WHAT TO WORK ON: Retype the lines from the first one in the records down to the line containing "На нижній панелі", counting both, and leave out any pictures.

(Beginning of MATERIAL FOR THIS TASK)

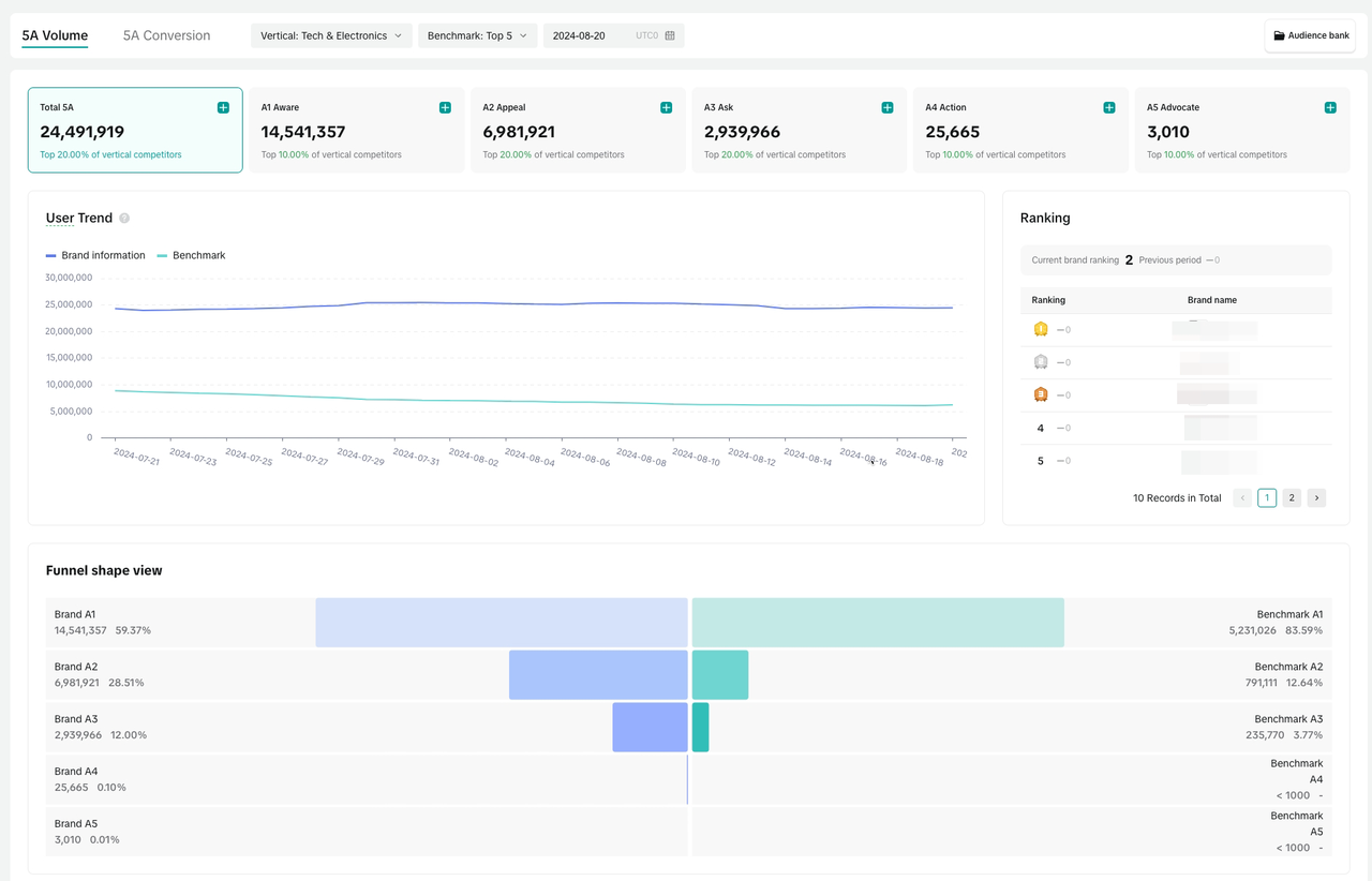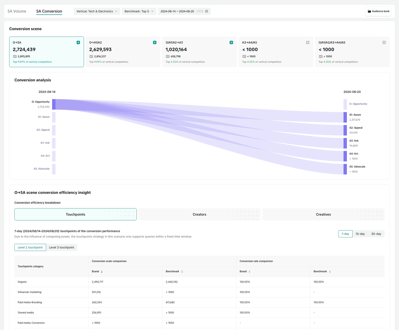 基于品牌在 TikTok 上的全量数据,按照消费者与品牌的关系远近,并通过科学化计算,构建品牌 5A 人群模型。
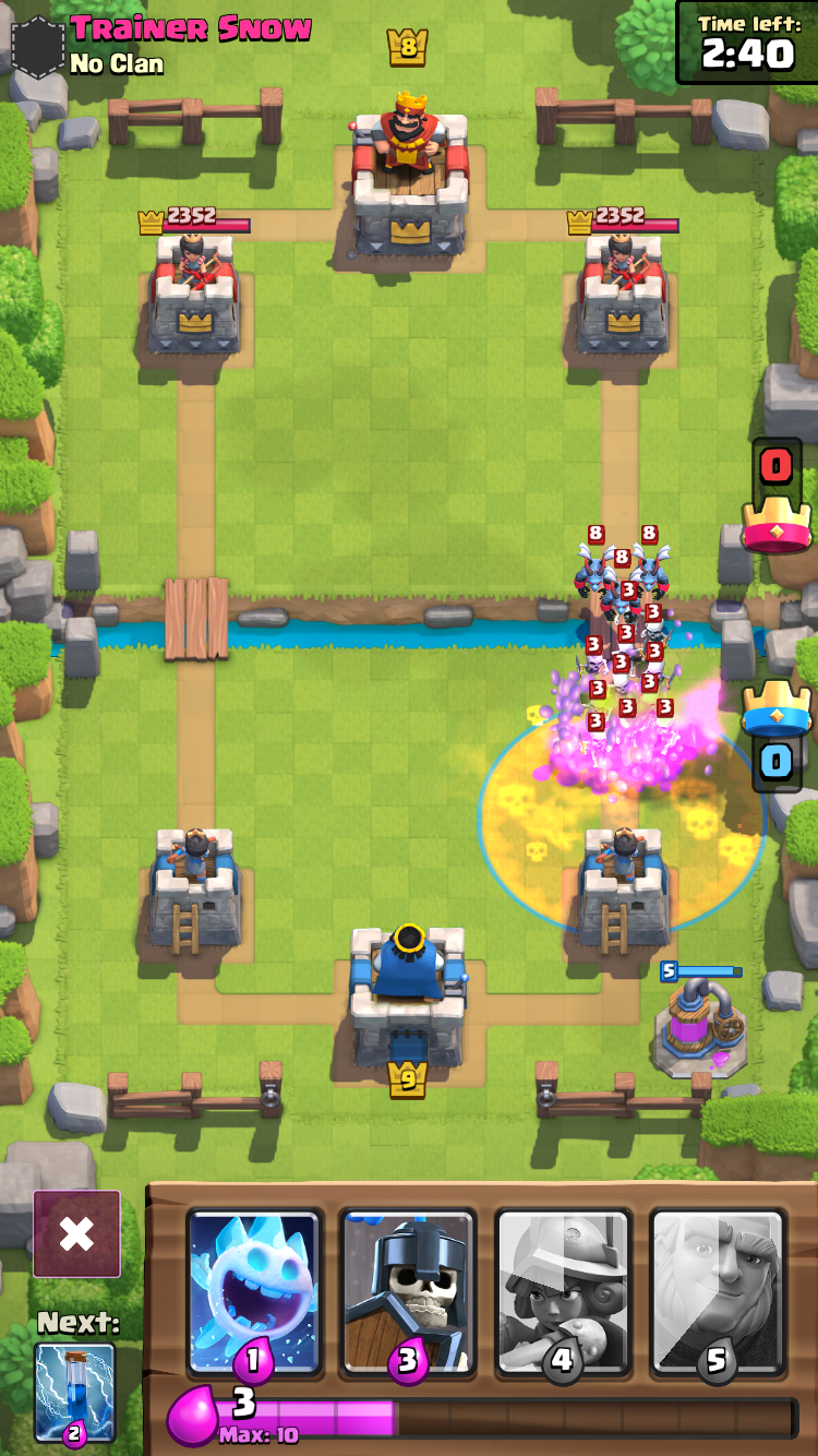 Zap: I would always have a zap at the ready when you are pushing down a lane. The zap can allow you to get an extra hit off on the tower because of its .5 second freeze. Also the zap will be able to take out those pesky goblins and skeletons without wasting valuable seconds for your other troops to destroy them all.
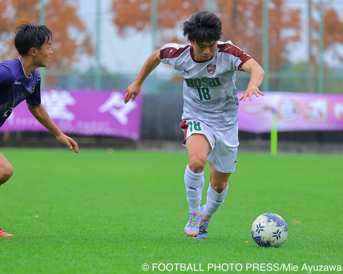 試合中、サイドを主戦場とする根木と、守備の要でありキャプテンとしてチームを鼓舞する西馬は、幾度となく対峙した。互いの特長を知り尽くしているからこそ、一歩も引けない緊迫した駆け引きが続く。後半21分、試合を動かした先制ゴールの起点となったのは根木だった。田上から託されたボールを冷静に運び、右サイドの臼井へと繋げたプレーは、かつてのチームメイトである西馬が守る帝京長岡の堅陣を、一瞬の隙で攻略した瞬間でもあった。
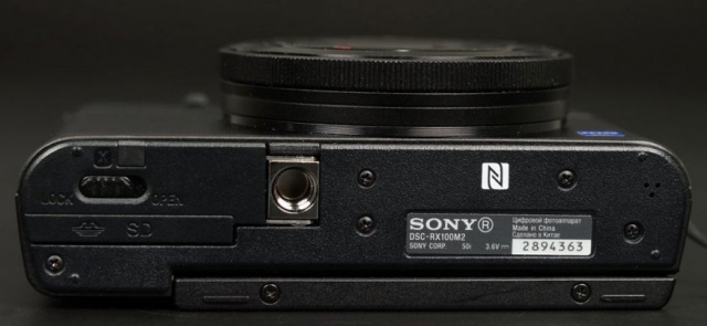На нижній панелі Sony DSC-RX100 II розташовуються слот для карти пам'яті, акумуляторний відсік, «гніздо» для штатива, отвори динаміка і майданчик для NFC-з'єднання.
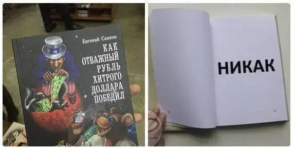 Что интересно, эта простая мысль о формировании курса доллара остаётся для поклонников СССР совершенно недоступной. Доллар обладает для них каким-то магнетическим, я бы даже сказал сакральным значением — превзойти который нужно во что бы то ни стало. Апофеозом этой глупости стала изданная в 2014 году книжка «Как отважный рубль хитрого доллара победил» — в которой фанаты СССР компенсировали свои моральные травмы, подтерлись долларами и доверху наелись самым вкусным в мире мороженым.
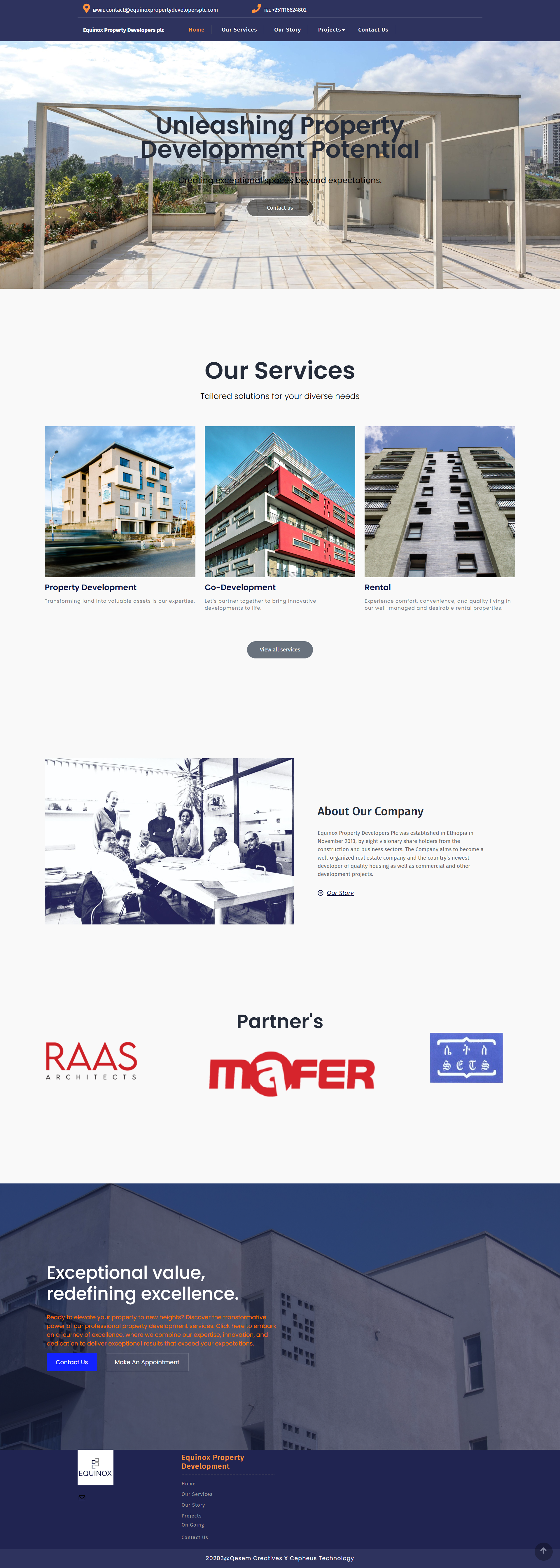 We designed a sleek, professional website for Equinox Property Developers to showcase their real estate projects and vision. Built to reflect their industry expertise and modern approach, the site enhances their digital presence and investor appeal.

(End of MATERIAL FOR THIS TASK)

PROBLEM SOLUTION:
 基于品牌在 TikTok 上的全量数据,按照消费者与品牌的关系远近,并通过科学化计算,构建品牌 5A 人群模型。
 Zap: I would always have a zap at the ready when you are pushing down a lane. The zap can allow you to get an extra hit off on the tower because of its .5 second freeze. Also the zap will be able to take out those pesky goblins and skeletons without wasting valuable seconds for your other troops to destroy them all.
 試合中、サイドを主戦場とする根木と、守備の要でありキャプテンとしてチームを鼓舞する西馬は、幾度となく対峙した。互いの特長を知り尽くしているからこそ、一歩も引けない緊迫した駆け引きが続く。後半21分、試合を動かした先制ゴールの起点となったのは根木だった。田上から託されたボールを冷静に運び、右サイドの臼井へと繋げたプレーは、かつてのチームメイトである西馬が守る帝京長岡の堅陣を、一瞬の隙で攻略した瞬間でもあった。
На нижній панелі Sony DSC-RX100 II розташовуються слот для карти пам'яті, акумуляторний відсік, «гніздо» для штатива, отвори динаміка і майданчик для NFC-з'єднання.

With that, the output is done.